25. Anayasa’nın 148. maddesinin dördüncü fıkrasında, kanun yolunda gözetilmesi gereken hususlara ilişkin şikâyetlerin bireysel başvuruda incelenemeyeceği belirtilmiştir. Bu kapsamda ilke olarak derece mahkemeleri önünde dava konusu yapılmış maddi olay ve olguların kanıtlanması, delillerin değerlendirilmesi, hukuk kurallarının yorumlanması ve uygulanması ile derece mahkemelerince uyuşmazlıkla ilgili varılan sonucun esas yönünden adil olup olmaması bireysel başvuru incelemesine konu olamaz. Bunun tek istisnası, derece mahkemelerinin tespit ve sonuçlarının adaleti ve sağduyuyu hiçe sayan tarzda açık bir keyfîlik içermesi, bu durumun kendiliğinden bireysel başvuru kapsamındaki hak ve özgürlükleri ihlal etmiş olmasıdır. Bu çerçevede kanun yolu şikâyeti niteliğindeki başvurular açık bir keyfîlik bulunmadıkça Anayasa Mahkemesince incelenemez (Necati Gündüz, Recep Gündüz, B. No: 2012/1027, 12/2/2013, § 26).

26. Davanın açıldığı tarihte yürürlükte bulunan 818 sayılı Kanun'un 101. maddesinin birinci fıkrasında, muaccel bir borcun borçlusunun alacaklının ihtarı ile mütemerrit olacağı hükme bağlanmış; ikinci fıkrasında da borcun ifa edileceği gün borç ilişkisinin taraflarınca birlikte tayin edilmiş veya muhafaza edilen bir hakka istinaden iki taraftan birisi bunu usulen bir ihbarda bulunmak suretiyle tesbit etmiş ise tayin ve tespit edilen günün geçmesiyle borçlunun mütemerrit olacağı belirtilmiştir. Buna göre kural olarak vadesi belli olmayan borçlarda borçlunun temerrüdü, alacaklının ihtarıyla gerçekleşir. İhtar; borcun borçlu tarafından ödenmesi isteğini içeren, borçluyu borcunu ödemeye davet eden bir irade beyanıdır. Alacaklının, borcun ödenmesi isteğine ilişkin irade beyanının borçluya ulaşmasıyla borçlu temerrüde düşer. Buna karşılık vadesi önceden belli olan alacaklarda alacaklının ihtarına gerek bulunmamakta, vadenin dolduğu gün borçlunun temerrüdü gerçekleşmektedir.

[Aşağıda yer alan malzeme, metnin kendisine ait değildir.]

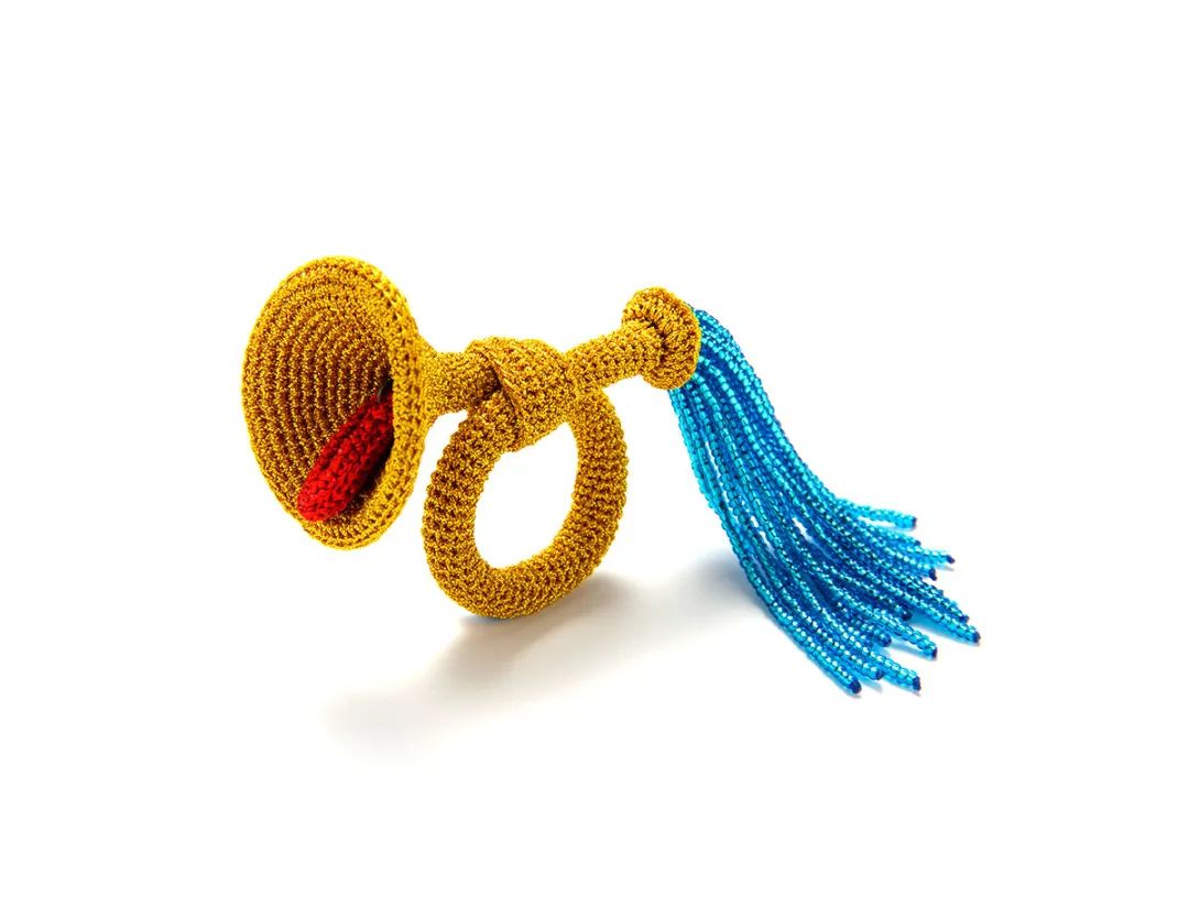 Each of her pieces tells stories, but not those about standing and material value or spirituality and mythology. No education or special knowledge is required to play along with the associations in her work. Instead, her items of jewelry function on a very direct level and are understood equally well by people all over the world.

27. Somut olayda Dağıtım Şirketi tarafından 2003 Nisan-2006 Ağustos tarihleri arasında başvurucu Şirketten haksız yere 8.914.816,18 iletim sistem kullanım bedeli tahsil edildiği Mahkeme kararıyla tespit edilmiştir. Mahkeme, başvurucudan haksız yere tahsil edilen iletim sistem kullanım bedelinin yanında temerrüt faizine de hükmetmiştir. Ancak Mahkeme, borçlunun daha önce temerrüde düşürülmediği gerekçesiyle temerrüdün 100.000 TL yönünden davanın açıldığı 31/7/2007 tarihinde, 8.814.816,18 TL yönünden ise ıslah talebinde bulunulduğu 6/5/2008 tarihinde gerçekleştiğini kabul etmiş; anılan tarihlerden itibaren temerrüt faizine hükmetmiştir.

28. Başvuruya konu temel şikâyet, borçlunun temerrüde düştüğü tarihe ilişkindir. Başvurucuya göre borçlunun temerrüdü, haksız ödeme tarihinde gerçekleşmiştir. Mahkeme ise borçlunun dava ve ıslah tarihlerinde temerrüde düştüğünü kabul etmiştir.

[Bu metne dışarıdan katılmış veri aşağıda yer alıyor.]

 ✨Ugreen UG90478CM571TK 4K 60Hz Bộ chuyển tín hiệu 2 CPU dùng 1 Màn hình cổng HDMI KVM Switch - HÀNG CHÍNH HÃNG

29. Haksız ödeme durumunda borçlunun temerrüde düşmesi için alacaklının borçluya ihtarda bulunmasının gerekli olup olmadığı veya Dağıtım Sistem Kullanım Anlaşması'nın 3/A maddesi hükümlerinin ihtar zorunluluğunu ortadan kaldırıp kaldırmadığı hususu, hukuk kurallarının yorumuna ilişkin bir mesele olup derece mahkemelerinin takdirindedir. Bu nedenle derece mahkemelerinin, haksız ödeme hâllerinde de borçlunun temerrüdü için alacaklının borçluya ihtarda bulunması zorunluluğunun bulunduğu ve Dağıtım Sistem Kullanım Anlaşması hükümlerinin bu zorunluluğu ortadan kaldırmadığı sonucuna ulaşmış olması Anayasa Mahkemesinin bireysel başvurudaki denetim yetkisinin kapsamı dışında kalmaktadır.

30. Öte yandan borçluyu; haksız ödenen tutarları ödemeye davet iradesi içermeyen, sadece 1.456.717,94 TL ve 1.237.320,53 TL tutarlı iki adet faturanın kabul edilmediğini ve ödemelerin ihtirazi kayıtla yapıldığını TEDAŞ'a bildiren 31/1/2004 ve 29/2/2004 tarihli ihbarnameler ile idari yargıda, TEDAŞ tarafından tesis edilen idari işlemlere karşı 20/4/2004 ve 19/7/2005 tarihlerinde açılan iki adet iptal davasının 818 sayılı Kanun'un 101. maddesinin birinci fıkrası anlamında "ihtar" niteliği taşıyıp taşımadığı hususu uyuşmazlığa ilişkin hukuki olguların değerlendirilmesine dair bir meseledir. Davayla ilgili hukuki olguların değerlendirilmesi ise derece mahkemelerinin takdirinde olan bir husustur. Derece Mahkemelerince, başvurucu tarafından TEDAŞ'a gönderilen ve borçluyu ödeme yapmaya davet iradesini içermeyen iki ihbarname ile TEDAŞ tarafından tesis edilen idari işlemlere karşı açılan idari davaların "ihtar" hükmünde görülmemesi Anayasa Mahkemesinin müdahalesini gerektiren bir durum değildir.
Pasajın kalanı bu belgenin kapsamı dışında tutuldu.